I read a decent amount of the paper, although not the specific details of the model they used. And when I say I "never studied" it, I mean that I never took a class or read a textbook. I do, in fact, know something about physics and fluids, and I have even personally done some fluid simulation work.
There are perfectly good models for weather in an abstract sense: Navier-Stokes plus various chemical models plus heat transfer plus radiation plus however you feel like modeling the effect of the ground and the ocean surface. (Or use Navier-Stokes for the ocean too!)
But this is wildly impractical. The Earth is too big. The relevant distance and time scales are pretty short, and the resulting grid would be too large. Not to mention that we have no way of actually measuring the whole atmosphere or even large sections of it in its full 3D glory in anything remotely close to the necessary amount of detail.
Go read the Wikipedia article, and contemplate the "Computation" and "Parameterization" sections. This works, but it's horrible. It's doing something akin to making an effective theory (the model actually solved) out of a larger theory (Navier-Stokes+), but we can't even measure the fields in the effective theory. We might want to model a handful of fields at 0.25 degrees (of lat/long) resolution, but we're getting the data from a detailed vertical slice every time someone launches a weather balloon. Which happens quite frequently, but not continuously and not at 0.25 degree spatial increments.

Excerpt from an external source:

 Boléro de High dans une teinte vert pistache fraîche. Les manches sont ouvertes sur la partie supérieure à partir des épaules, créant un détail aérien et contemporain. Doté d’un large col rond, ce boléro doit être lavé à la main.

Hence my point: Google's model is sort of learning an effective theory instead of developing one from first principles based on the laws of physics and chemistry.

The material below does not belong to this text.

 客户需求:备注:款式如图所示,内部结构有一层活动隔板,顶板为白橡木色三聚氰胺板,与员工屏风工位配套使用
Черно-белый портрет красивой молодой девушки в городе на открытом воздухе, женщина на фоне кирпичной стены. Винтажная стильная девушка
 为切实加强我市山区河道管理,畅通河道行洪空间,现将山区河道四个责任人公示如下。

edit: I once worked in a fluid dynamics lab on something that was a bit analogous. My part of the lab was characterizing actual experiments (burning liquids and mixing of gas jets). Another group was trying to simulate related systems on supercomputers. (This was a while ago. The supercomputers were not very capable by modern standards.)

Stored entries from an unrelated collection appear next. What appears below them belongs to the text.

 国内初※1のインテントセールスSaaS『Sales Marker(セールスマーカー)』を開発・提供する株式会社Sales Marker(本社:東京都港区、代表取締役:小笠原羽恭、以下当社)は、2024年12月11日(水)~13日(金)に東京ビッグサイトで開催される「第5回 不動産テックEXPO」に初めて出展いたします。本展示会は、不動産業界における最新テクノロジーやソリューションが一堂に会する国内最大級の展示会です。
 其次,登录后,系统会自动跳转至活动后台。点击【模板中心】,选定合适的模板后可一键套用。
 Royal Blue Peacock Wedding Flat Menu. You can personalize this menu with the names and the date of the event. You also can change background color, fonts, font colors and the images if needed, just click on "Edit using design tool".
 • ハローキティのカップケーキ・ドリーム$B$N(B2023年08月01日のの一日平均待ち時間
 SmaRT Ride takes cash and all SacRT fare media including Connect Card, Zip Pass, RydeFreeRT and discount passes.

The simulation side used a 3D grid fine enough (hopefully) to capture the relevant dynamics but not so fine that the simulation would never finish. Meanwhile, we measured everything in 1D 2D! We took pictures and videos with cameras at various wavelengths. We injected things into the fluids for better visualization. We measured the actual velocity at one location (with decent temporal resolution) and hoped our instrumentation for that didn’t mess up the experiment too much. We tried to arrange to know the pressure field in the experiment by setting it up right.
With the goal of understanding the phenomena, I think this was the right approach. But if we just wanted to predict future frames of video from past frames, I would expect a nice ML model to work better. (Well, I would expect it to work better now. The state of the art was not so great at the time.)
Weather models are routinely run at resolutions as fine as 1-3 km - fine enough that we do not parameterize things like convection and allow the model to resolve these motions on its native grid. We typically do this over limited areas (e.g. domain the size of a continent), but plenty of groups have such simulations globally. It's just not practical (cost for compute and resulting data) to do this regularly, and it offers little by way of direct improvement in forecast quality.
Furthermore, we don't have to necessarily measure the whole atmosphere in 3D; physical constraints arising from Navier-Stokes still apply, and we use them in conjunction with the data we _do_ have to estimate a full 3D atmospheric state complete with uncertainties.
It also seems like some of your facts differ from theirs, may I ask how far you read into the paper?